Likewise, not everyone with a flat foot would require orthotics. If it is congenital, non-painful and a patient is able to carry out all their daily and sporting activities without problems, no intervention may be required.
Why are diabetics at higher risk of developing foot problems?
Diabetes causes the level of sugar in your blood to be higher than normal. Over time, elevated blood sugar levels damage your blood vessels and nerves, causing nerve damage and numbness referred to as diabetic neuropathy. Minor wounds can progressively worsen, forming ulcers without the person knowing because impaired circulation causes an inability to feel. This subsequently increases the risk of infection and amputation.
What’s your view on general footwear today? And what contribution, if any, do you think it has made to foot and ankle health?
There is greater variety of available footwear today, with ‘sensible’ shoes becoming less of a taboo choice. The footwear industry has finally understood the importance of ‘sensible’ footwear which is appealing to customers. Ill-fitting footwear is still the greatest contributor to foot pain and deformity. There is still a lot of work to do around educating patients on what to look for in a ‘good’ shoe. Patients are trying to buy shoes that claim to be ‘supportive’ or ‘wide fitting’ but are let down by retailers making unscrupulous claims when actually the shoe is not fit for purpose. I published an article in the Journal of Footwear Science in 2015 called Footwear Mismatch – Do we wear the correct sized shoes? The research found that 15% of subjects wore shoes that were too big for their feet whilst 35% wore shoes that were too small. The average volume of the subject’s feet was considerably higher than the available volume in the shoe. Within each shoe size category there was a significant difference in the internal shoe length.
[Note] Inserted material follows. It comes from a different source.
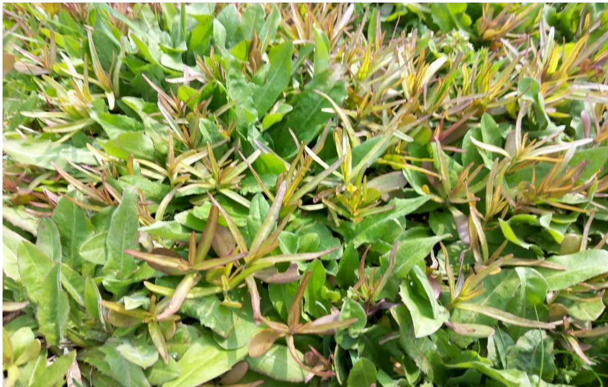
Obr. 4: Vzcházející rostliny černýše rolního s nafialovělými listy v čekance obecné ( Cichorium intybus). Hrušovany u Brna, 4. 4. 2025.

Podobně jako u zdravínku jde o jednoletý druh, který ale preferuje sušší, slunná stanoviště. Dokáže však růst i na vlhkých zamokřených místech v teplých polohách. V minulosti byl běžným plevelným druhem v obilninách. Jeho semena bylo obtížné ze sklizeného zrna vyčistit a následně kontaminovala mouku a způsobovala její tmavé zbarvení (odtud jeho český název). Intenzifikace zemědělství (používání herbicidů a vyšších dávek minerálních hnojiv) současně s dokonalejšími technologiemi čištění osiva obilnin způsobily jeho vymizení z orné půdy. Na rozdíl od ostatních poloparazitů semena klíčí už na podzim, ale rostliny vzchází až během března a dubna následujícího kalendářního roku (Obr. 4). Jeho semena jsou mnohem větší (5,5–7,0 mm) než u zdravínku i kokrhelů, a proto je počáteční růst poměrně rychlý. Nakvétá postupně, přibližně od poloviny května do poloviny července. I v době, kdy už vypadávají první zralá semena, můžeme na stejné rostlině najít rozkvetlé květy. Rostliny na zastíněných stanovištích nebo v hustých porostech hostitelů jsou slabé a vytváří jen minimum květů, nebo někdy vůbec nekvetou a dochází zde také k vysokému úhynu semenáčků. Jako hostitele preferuje dvouděložné rostliny.

Should endurance athletes, such as runners, pay attention to their foot and ankle health more than most? If so, why are they at risk?
The simplest way to answer this is by thinking about tissue stress. If healthy tissue, such as tendons are abnormally or excessively loaded or stressed, they will eventually dysfunction. Dysfunction can present itself as pain or weakness which would then hinder the athlete’s ability to perform efficiently. So, if a runner has very tight calf muscles and does not stretch effectively, the likelihood of obtaining an Achilles tendon injury will increase. Likewise, if an athlete trains in ill-fitting or unsupportive trainers, the ability of the trainer to absorb shock or impact is reduced and the stress applied to the foot anatomy increases, resulting in pain or injury.
How will the new addition of gait analysis to Chiltern Wellbeing Clinic help with diagnosis?
Gait analysis forms a crucial part of a biomechanical examination where our podiatrists quantifiably determine how efficiently your body moves when walking or running. Asymmetries or abnormalities in our foot strike and loading pattern can cause joint, muscle, ligament, or tendon soreness further up the body in the ankle, knee, hip and back. This assessment allows us to identify these issues and tailor your treatment plan to get you walking, running, or competing pain free, whilst offering the best advice to reduce the risk of future injuries.
We also use the gait analysis system to analyse plantar foot pressures in diabetic patients to ascertain if they have any areas of their feet under high and abnormal load which could increase the risk of a wound occurring at that site. This is repeated every year as part of the patients’ diabetic foot assessment. This technology improves the accuracy of diagnosis and enables the formulation of a robust treatment plan.